Kamil Wojtkowski (born 26 February 1998) is a Polish professional footballer who plays as a midfielder for Polish club Motor Lublin.

Club career
Wojtkowski started playing football at his local team, OSiR Sokołów Podlaski. In 2010, he joined Legia Warsaw, where he spent four years.

Kamil joined Fulham FC youth squad during summer 2013, where he trained and played for about half of the year however, Legia and Fulham were unable to reach the terms so Wojtkowki returned to Poland to join Pogoń.

In 2014, Wojtkowski joined Pogoń Szczecin. On 18 October 2014, he made his Ekstraklasa debut for Pogoń, coming on as a substitute in second half of away match against Jagiellonia Białystok. By doing so, he became youngest player ever to make appearance for the club, aged 16 years and 234 days.

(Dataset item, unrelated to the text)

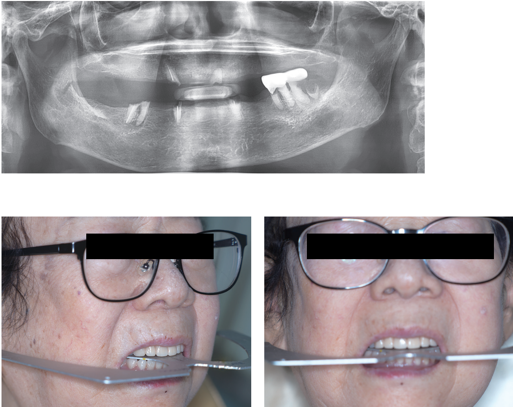 3일 후에 교합조정을 받으려 내원하였다. 아직 틀니를 끼고 식사하려면 구토 증상이 일어나서 불안하다고 하였다.

On 29 June 2015, Wojtkowski signed for 2. Bundesliga club RB Leipzig and played in the U19 team.

On 3 July 2017 he signed a contract with Wisła Kraków. On 30 July 2020 he left Wisła, as his contract was not extended. On 3 November 2020 he was announced as Jagiellonia Białystok player. On 23 March 2021 his contract was terminated.

In 2021 he was a footballer for the Greek Volos, where he played 8 Super League matches and 2 in the Greek Cup. On 22 December 2021, his contract with the club was terminated by mutual agreement.

On 12 January 2022, Wojtkowski joined the Cypriot club Ethnikos Achna. He made his first appearance for the club on 15 January, coming on as a substitute for Artūrs Karašausks in a 4–0 Cypriot First Division home defeat against APOEL. Wojtkowski netted his first goal on 7 February, scoring deep into stoppage time as Ethnikos recorded a 2–0 victory over Omonia.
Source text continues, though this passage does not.